What do Norwegian researchers think of Amnesty's – and Baud's – serious accusations? In Vårt Land on 12 August, the researchers criticize Camilla Guldahl Cooper and Cecilia Hellestveit The Amnesty report. Cooper is responsible for the international law of war at the Norwegian Defense Academy and believes the report does not adequately document the Ukrainian violations. Hellestveit is a lawyer with a doctorate in the international law of war from the University of Oslo and a researcher at the Institute of Folk Law. She disagrees with the way Amnesty presents international law itself.
In other words, there are two heavy names that carry serious criticism of Amnesty. But when Vårt Land sums up, the case appears to be really poignant: "They [the two researchers] both draw parallels to Norway and say that we too have chosen to put military facilities in the cities – such as Akershus fortress in Oslo – and thus put civilians at risk attack. It may be absolutely necessary to defend the cities, and not in violation of international law, they believe." Two centrally located researchers therefore believe that placing, for example, a huge rocket-launching battery at a kindergarten in Ukraine, is to be compared to the Norwegian Armed Forces' cultural office and four horses in a stable in a 700-year-old fortress "in the middle of the city". Is this medieval fortress an offensive military installation comparable to a rocket battery that targets nearby civilians for dramatic and deadly enemy shelling? So there is no reason to criticize Ukraine!

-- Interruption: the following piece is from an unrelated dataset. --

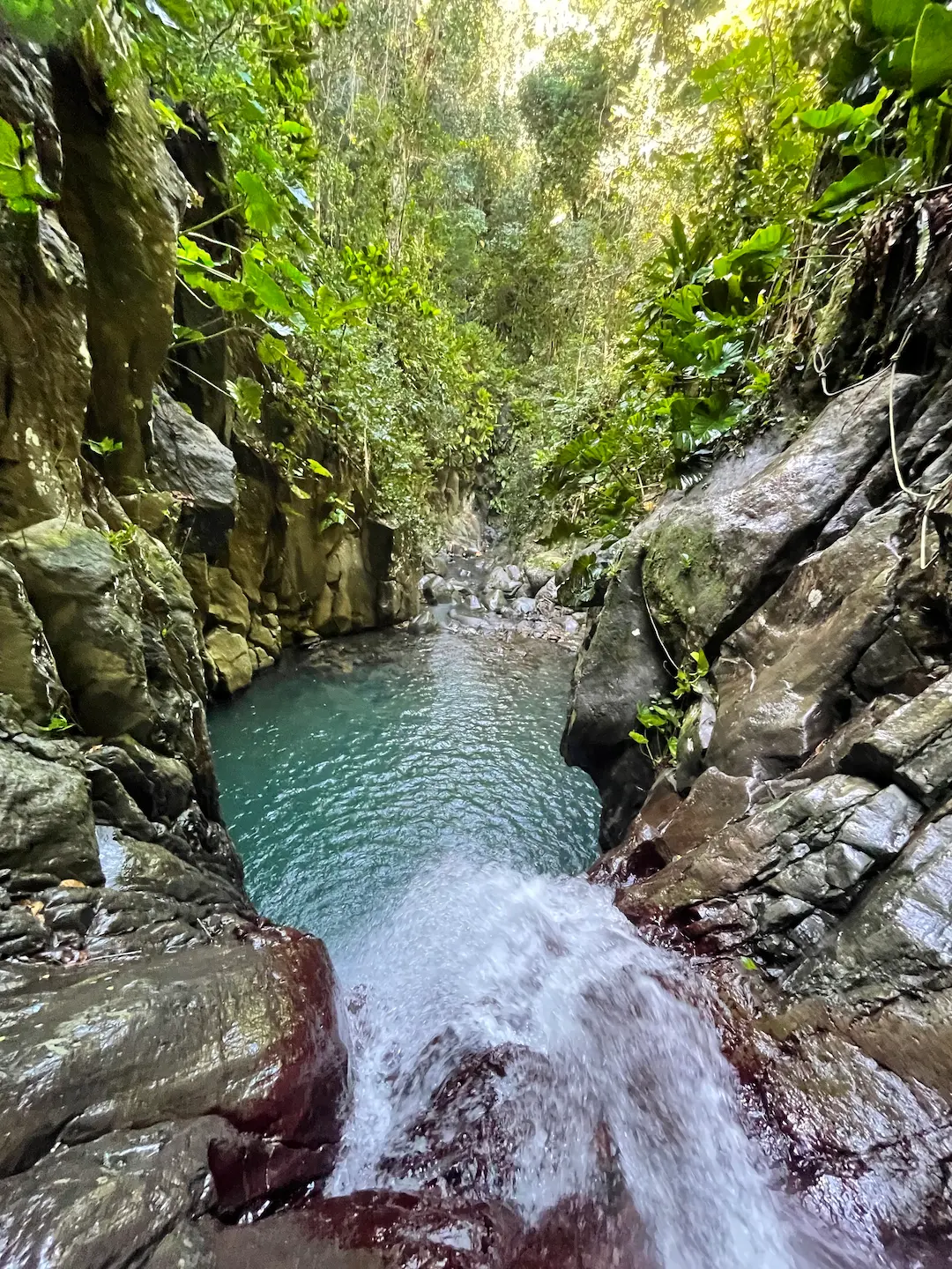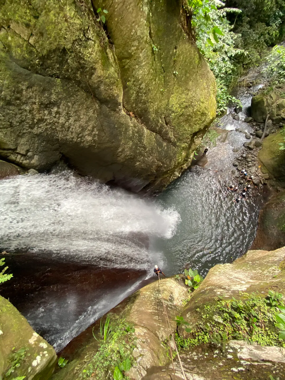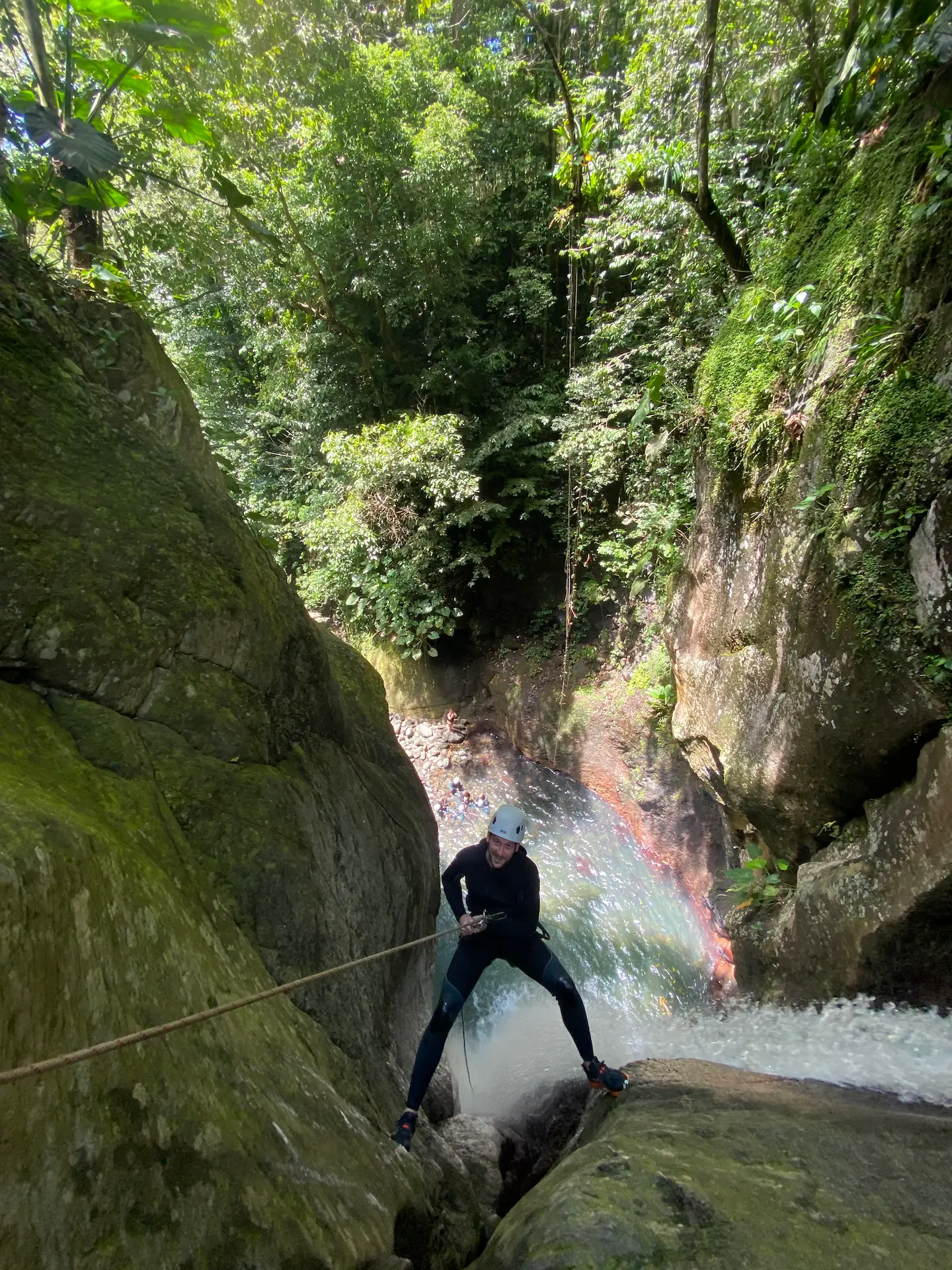 Dans cette formule, nous partons à l’aventure pour journée dans un canyon magnifique et sauvage, situé au cœur de la forêt tropicale. Le parcours est une combinaison parfaite de cascades, de sauts et de toboggans naturels ! C’est l’endroit idéal pour débuter le canyoning, car aucun obstacle n’est obligatoire ; l’objectif principal est de se faire plaisir et de profiter de la nature. Le saut le plus haut mesure 8 mètres, offrant une montée d’adrénaline pour les plus audacieux, tandis que la cascade la plus haute à descendre en rappel atteint 30 mètres, promettant une expérience mémorable. Le parcours est également ponctué de petits toboggans naturels pour des sensations plus douces.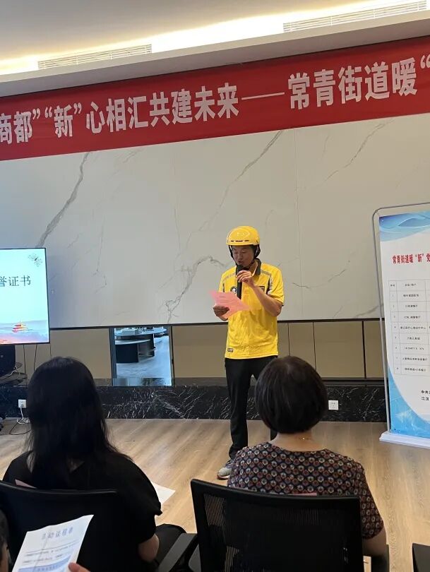 今年以来,常青街道在区委组织部的指导下,发挥辖区地理及资源优势,广泛链接群团组织、两新组织及商户资源,积极服务新就业群体,进一步扩大党在新兴领域的号召力、凝聚力和影响力。常青街道相关负责人介绍,现场成立“小哥安全巡逻志愿服务队”,充分发挥先进榜样带头作用,让“小哥们”都能加入到常青街道基层社会治理,同时鼓励辖区商户给快递小哥奉献爱心、给予帮助,让大家在常青树下,实现幸福的双向奔赴。

Even more surprising is the scientists' justification of this mix of civilian and military installations, because, as they say, this "may be absolutely necessary to defend the cities". Office staff, Oslo City Hall, shopkeepers and students at Ruseløkka School in inner Oslo can therefore be used as "absolutely necessary" shields to protect our military? When did it become the duty of the civilians to defend the military? What will be left of the laws of war and the intention to protect civilian life, protection precisely from being misused as a shield? Vårt Land never makes any attempt to challenge the validity of this claim.
Baud (p. 62) gives us a key to this occurrence. After the fall of Mariupol, the world gets to see for real what kind of soldiers used the civilians as shields. CNN reports on 30 March that "a far right battalion has a key role in Ukraine's resistance. Its neo-Nazi history has been exploited by Putin". The challenge for CNN was thus that Putin "exploited" these inhuman forces, not the Nazi forces themselves. De-Nazifying Ukraine's threat to the population of Donbass has been ridiculed in the Western press and debate since Putin pointed to this as one of the goals of the military operation in February. After this, Western sources, Baud continues, "tried to downplay the significance of the neo-Nazis. The result was an extensive campaign to whitewash the militant western [Ukrainian] far right. It reached its climax towards the end of May 2022, after the Azov warriors in Mariupol had capitulated and their tattoos revealed the true nature of these forces on which Kyiv builds its power”.
Se substantially for this subarticle.